Zeno, Monday, 14 April 2008 04:07 (seventeen years ago)

i'm not sure Joyce knew about bely, which was translated into english much later

Zeno, Monday, 14 April 2008 04:08 (seventeen years ago)

I just finished Black Swan Green (loved it), not sure what I'm reading next. Maybe some Richard Price (seems to be going around right now) or another David Mitchell book.

Jordan, Monday, 14 April 2008 14:34 (seventeen years ago)

I'm still reading James Miller's Flowers in the Dustbin - which is making me interested in '50s rock-and-roll for perhaps the first time ever.

o. nate, Monday, 14 April 2008 19:06 (seventeen years ago)

Alain Robbes-Grillet: 'Jealousy'--weird how a book can be quite compelling and frequently boring simultaneously.
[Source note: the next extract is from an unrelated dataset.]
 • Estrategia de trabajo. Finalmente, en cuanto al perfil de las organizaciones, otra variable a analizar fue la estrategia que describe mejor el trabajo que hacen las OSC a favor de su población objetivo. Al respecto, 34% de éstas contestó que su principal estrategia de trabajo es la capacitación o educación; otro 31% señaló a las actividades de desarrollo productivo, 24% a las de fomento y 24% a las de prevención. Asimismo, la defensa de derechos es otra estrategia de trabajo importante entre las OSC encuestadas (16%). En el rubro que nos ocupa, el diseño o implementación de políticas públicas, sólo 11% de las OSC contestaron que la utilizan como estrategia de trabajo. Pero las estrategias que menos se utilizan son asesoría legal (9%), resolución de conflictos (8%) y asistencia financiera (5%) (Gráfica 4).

It was a bit like being hypnotised.

James Morrison, Monday, 14 April 2008 23:45 (seventeen years ago)

Frigyes Karinthy: A Journey Around My Skull
Amazing stuff--here's the blurb.

The distinguished Hungarian author Frigyes Karinthy was sitting in a Budapest café, wondering whether to write a long-planned monograph on modern man or a new play, when he was disturbed by the roaring—so loud as to drown out all other noises—of a passing train. Soon it was gone, only to be succeeded by another. And another. Strange, Karinthy thought, it had been years since Budapest had streetcars. Only then did he realize he was suffering from an auditory hallucination of extraordinary intensity.

What in fact Karinthy was suffering from was a brain tumor, not cancerous but hardly benign, though it was only much later—after spells of giddiness, fainting fits, friends remarking that his handwriting had altered, and books going blank before his eyes—that he consulted a doctor and embarked on a series of examinations that would lead to brain surgery. Karinthy's description of his descent into illness and his observations of his symptoms, thoughts, and feelings, as well as of his friends' and doctors' varied responses to his predicament, are exact and engrossing and entirely free of self-pity. A Journey Round My Skull is not only an extraordinary piece of medical testimony, but a powerful work of literature—one that dances brilliantly on the edge of extinction.

James Morrison, Wednesday, 16 April 2008 23:23 (seventeen years ago)

reading jakob von gunten now (robert walser), will probably read nadezhda mandelstam's hope beyond hope next, or maybe bunuel's my last sigh.

s1ocki, Thursday, 17 April 2008 04:00 (seventeen years ago)

Capital, Vol 1.

Casuistry, Thursday, 17 April 2008 16:03 (seventeen years ago)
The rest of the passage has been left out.